**WORK REQUEST:** Look through the data below for the line with "옷자락 / 여성 가을 하객 스타일 버튼 7부 절개 라인 신축성 롱" and the line with "Transparent PVC with", then transcribe exactly from the first through the second, leaving out all pictures.

**MATERIAL FOR THIS TASK:**
----------
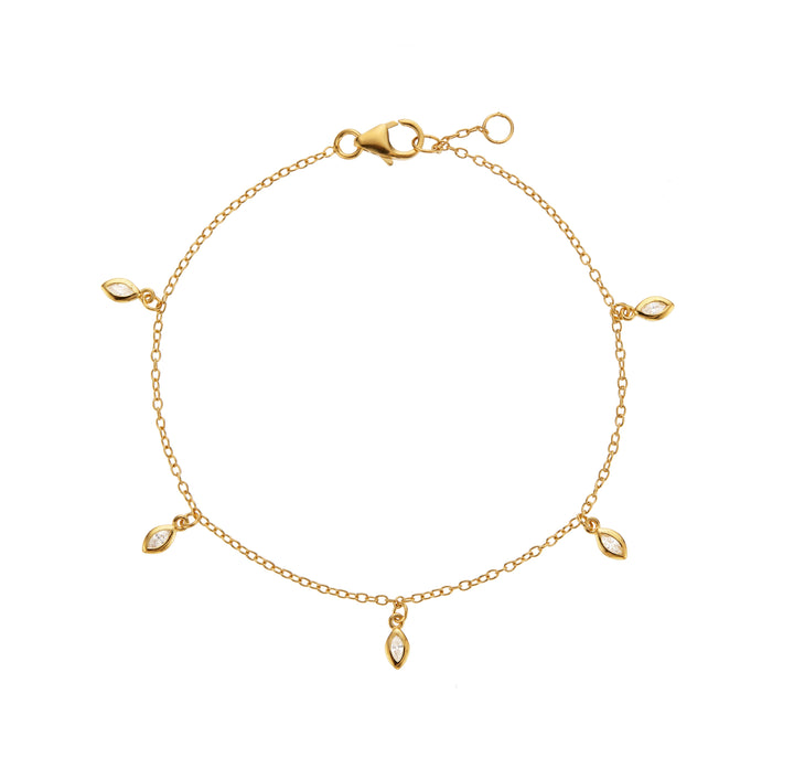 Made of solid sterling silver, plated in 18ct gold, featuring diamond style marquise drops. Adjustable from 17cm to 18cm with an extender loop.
----------
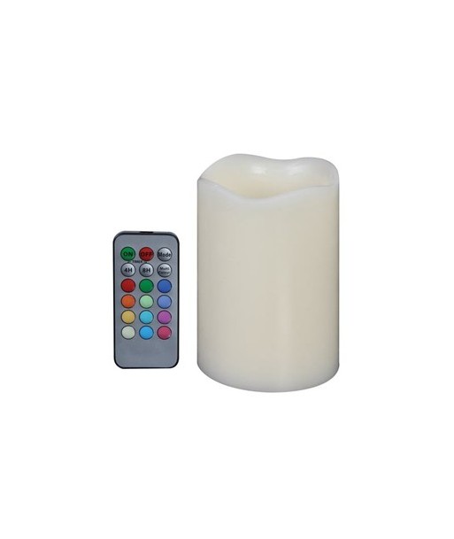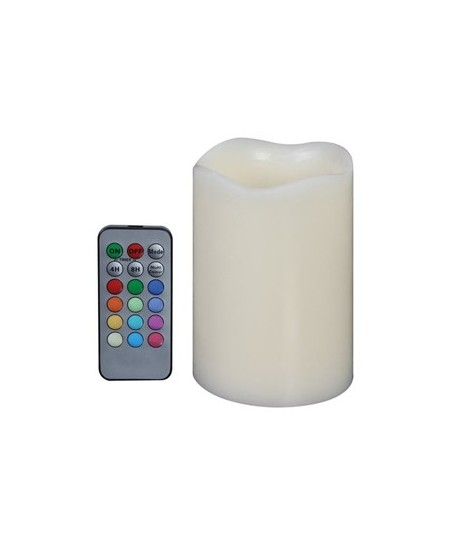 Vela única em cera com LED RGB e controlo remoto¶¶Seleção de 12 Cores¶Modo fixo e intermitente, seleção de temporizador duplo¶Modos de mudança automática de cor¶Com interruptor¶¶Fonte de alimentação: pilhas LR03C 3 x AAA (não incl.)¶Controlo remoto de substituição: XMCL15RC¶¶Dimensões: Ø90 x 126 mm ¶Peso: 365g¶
----------
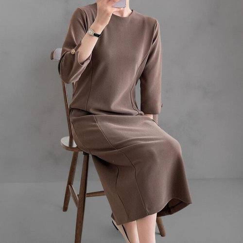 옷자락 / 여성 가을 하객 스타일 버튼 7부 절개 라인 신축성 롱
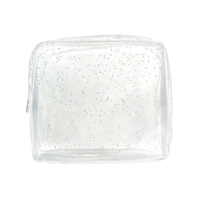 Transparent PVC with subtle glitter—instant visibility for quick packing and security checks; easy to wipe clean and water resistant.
----------
**RESULT OF THIS EXERCISE:**
 옷자락 / 여성 가을 하객 스타일 버튼 7부 절개 라인 신축성 롱
 Transparent PVC with subtle glitter—instant visibility for quick packing and security checks; easy to wipe clean and water resistant.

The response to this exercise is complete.